Re: [PATCH 2/7] guest_memfd: Introduce an object to manage the guest-memfd with RamDiscardManager

Alexey Kardashevskiy <aik@xxxxxxx> · Wed, 15 Jan 2025 15:06:06 +1100

On 10/1/25 17:38, Chenyi Qiang wrote:


On 1/10/2025 8:58 AM, Alexey Kardashevskiy wrote:


On 9/1/25 15:29, Chenyi Qiang wrote:


On 1/9/2025 10:55 AM, Alexey Kardashevskiy wrote:


On 9/1/25 13:11, Chenyi Qiang wrote:


On 1/8/2025 7:20 PM, Alexey Kardashevskiy wrote:


On 8/1/25 21:56, Chenyi Qiang wrote:


On 1/8/2025 12:48 PM, Alexey Kardashevskiy wrote:
On 13/12/24 18:08, Chenyi Qiang wrote:
As the commit 852f0048f3 ("RAMBlock: make guest_memfd require
uncoordinated discard") highlighted, some subsystems like VFIO
might
disable ram block discard. However, guest_memfd relies on the
discard
operation to perform page conversion between private and shared
memory.
This can lead to stale IOMMU mapping issue when assigning a
hardware
device to a confidential VM via shared memory (unprotected memory
pages). Blocking shared page discard can solve this problem, but it
could cause guests to consume twice the memory with VFIO, which is
not
acceptable in some cases. An alternative solution is to convey
other
systems like VFIO to refresh its outdated IOMMU mappings.

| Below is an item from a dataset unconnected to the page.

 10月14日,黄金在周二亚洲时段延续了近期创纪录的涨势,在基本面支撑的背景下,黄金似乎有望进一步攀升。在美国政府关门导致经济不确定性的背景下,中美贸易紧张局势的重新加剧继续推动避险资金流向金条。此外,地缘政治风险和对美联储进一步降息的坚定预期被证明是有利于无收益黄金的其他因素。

RamDiscardManager is an existing concept (used by virtio-mem) to
adjust
VFIO mappings in relation to VM page assignment. Effectively page
conversion is similar to hot-removing a page in one mode and
adding it
back in the other, so the similar work that needs to happen in
response
to virtio-mem changes needs to happen for page conversion events.
Introduce the RamDiscardManager to guest_memfd to achieve it.

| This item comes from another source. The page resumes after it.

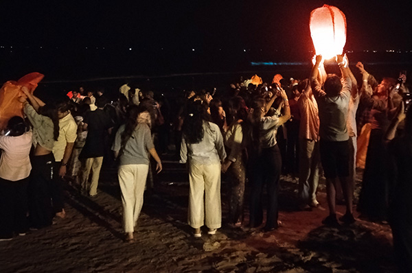 The highlight of the evening was the energetic Rang Competition, where alumni and students competed in a friendly and colorful showdown that filled the beach with laughter, excitement, and team spirit. The night concluded beautifully as lanterns lit up the sky and music set the perfect celebratory mood.

However, guest_memfd is not an object so it cannot directly
implement
the RamDiscardManager interface.

One solution is to implement the interface in HostMemoryBackend.
Any

This sounds about right.

btw I am using this for ages:

https://github.com/aik/qemu/commit/3663f889883d4aebbeb0e4422f7be5e357e2ee46

but I am not sure if this ever saw the light of the day, did not it?
(ironically I am using it as a base for encrypted DMA :) )

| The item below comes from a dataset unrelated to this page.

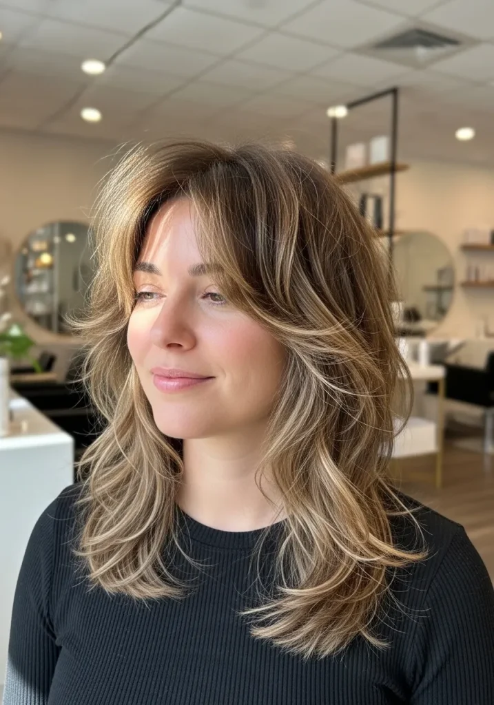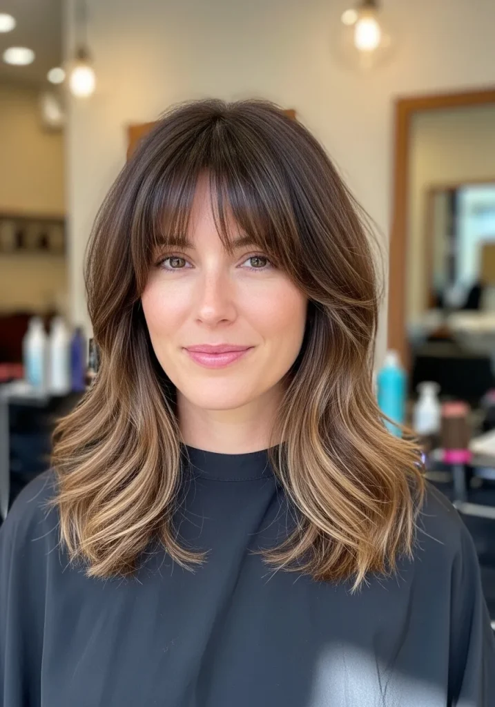 You can style this haircut with loose waves or a smooth blowout depending on your mood. The medium length keeps it easy to manage while still offering versatility. Wispy bangs are low-maintenance and grow out beautifully over time. This haircut feels relaxed, flattering, and easy to wear.

Yeah, we are doing the same work. I saw a solution from Michael long
time ago (when there was still
a dedicated hostmem-memfd-private backend for restrictedmem/gmem)
(https://github.com/AMDESE/qemu/commit/3bf5255fc48d648724d66410485081ace41d8ee6)

For your patch, it only implement the interface for
HostMemoryBackendMemfd. Maybe it is more appropriate to implement it for
the parent object HostMemoryBackend, because besides the
MEMORY_BACKEND_MEMFD, other backend types like MEMORY_BACKEND_RAM and
MEMORY_BACKEND_FILE can also be guest_memfd-backed.

Think more about where to implement this interface. It is still
uncertain to me. As I mentioned in another mail, maybe ram device memory
region would be backed by guest_memfd if we support TEE IO iommufd MMIO
in future. Then a specific object is more appropriate. What's your opinion?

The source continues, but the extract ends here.